I wonder how these students will take that discussion point. If I say I’m against such a policy because I feel this may result in giving a less-qualified female a board seat as against a more-qualified male, would I have prematurely shaped their opinion, and made them form a bias (my gosh, the responsibility attached to this half-hour talk).

That same position defines how I view race or ethnicity quotas (but I don’t want to get hate mail because of this column, so I will quickly move on to the next topic).

I was thinking of showing demographics among lawyers in the company. How there are much more females compared to men. Even Law students entering, graduating, or landing in the top ten of their class in today’s universities seem to be steadily dominated by females. I might end up inspiring young females to be feisty advocates (I’m very proud of former female students from the University of San Carlos, like Atty. Cathy Alvarez, who have become fearless human rights lawyers).

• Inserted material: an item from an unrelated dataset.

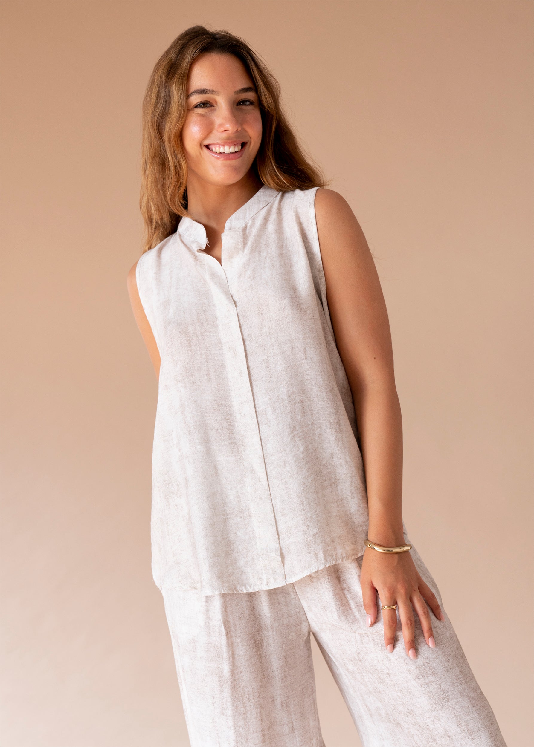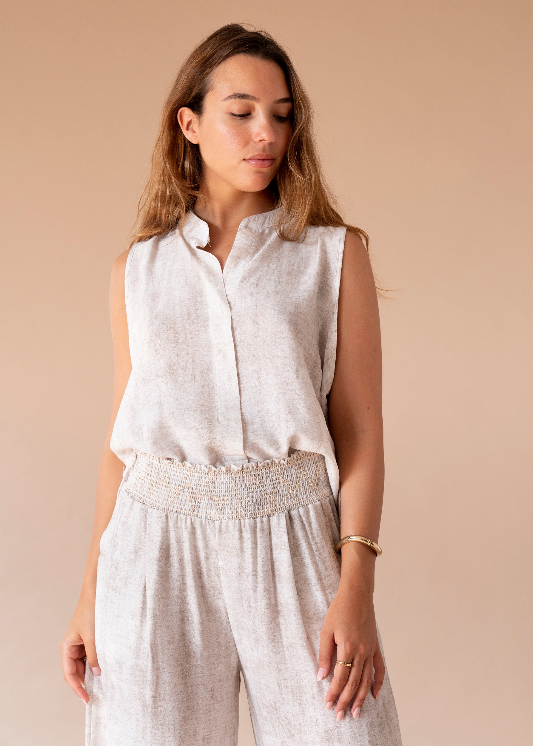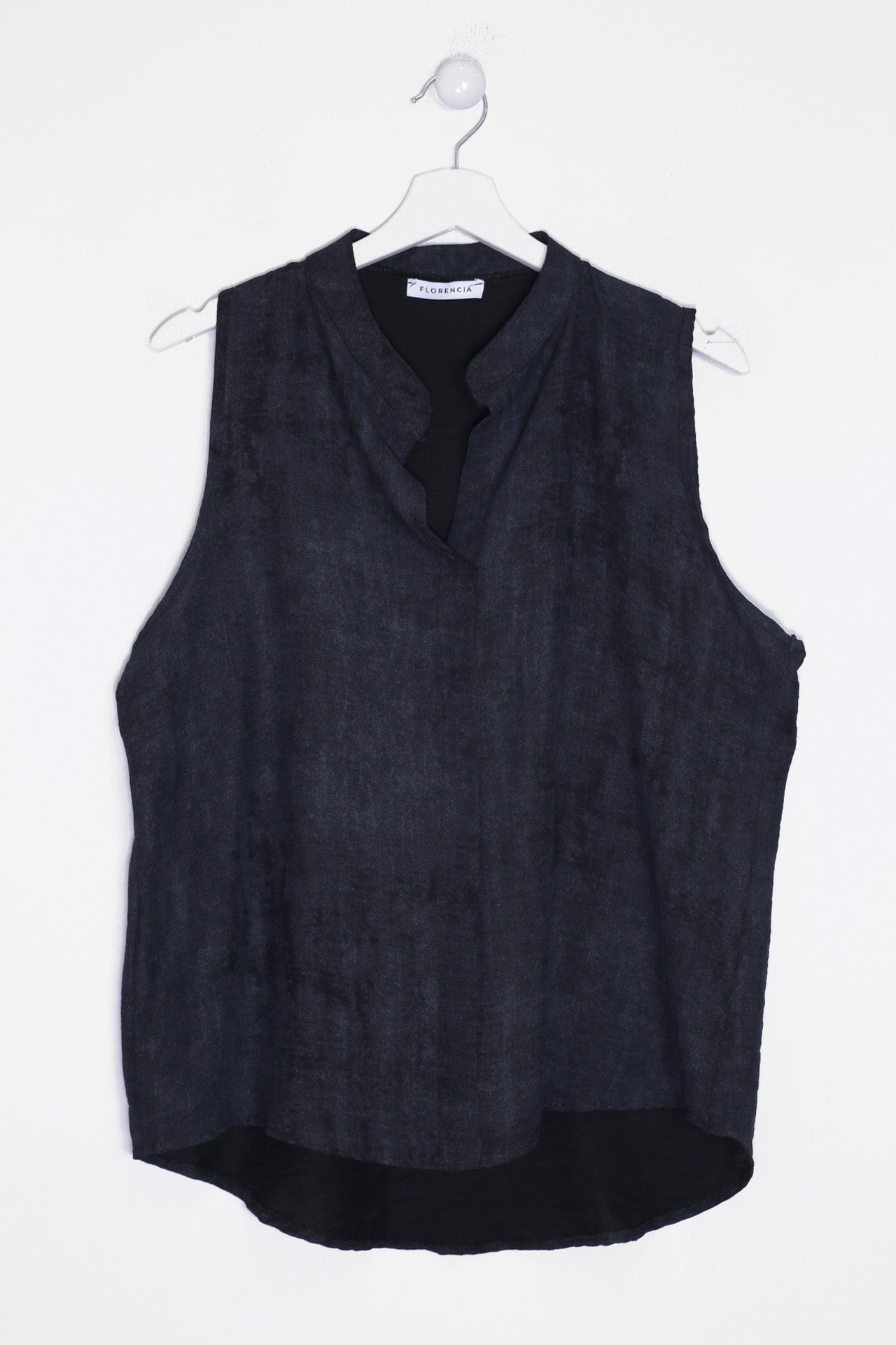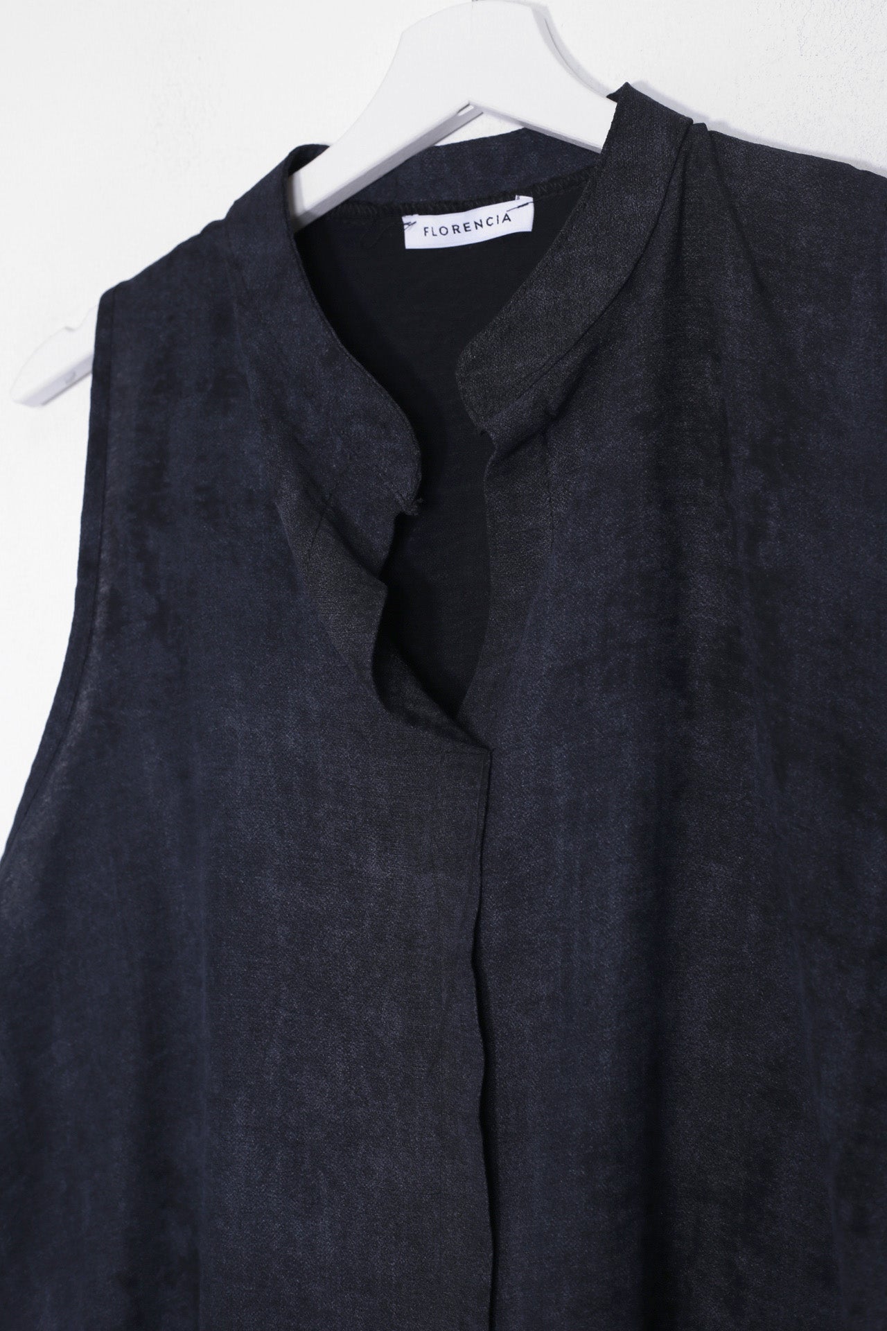 Top sin mangas con cuello mao y escote en punta. Cierre frontal con botones ocultos. Bajo asimétrico.

Of course, gay lawyers now seem to be more visible in the profession, when there were hardly any around when I was in Law school. We did spread nasty gossip about professors’ preferences then, but we were immature, over-stressed jerks then. Today, there are gay partners in the top law firms. Oh, what a comforting message that would’ve been for gay students, to have seen successful lawyers blazing the trail before them (I wonder if the nuns in the school will let me talk about LGBTQ+ rights. Security might descend upon me if I suddenly utter the “L” word).

That would be a good transition to the Diversity and Inclusion efforts that I’ve seen being pushed by many corporations and institutions in the country. The embassies were active during Pride month, as well as international financial institutions. Even in our organization, we spearheaded a year-long messaging campaign centered around how merit was more important than racial, ethnic, religious, provincial, sexual, or societal identities. In the end, that campaign won an award.

That’s my bare bones outline for the speech. Wish me luck.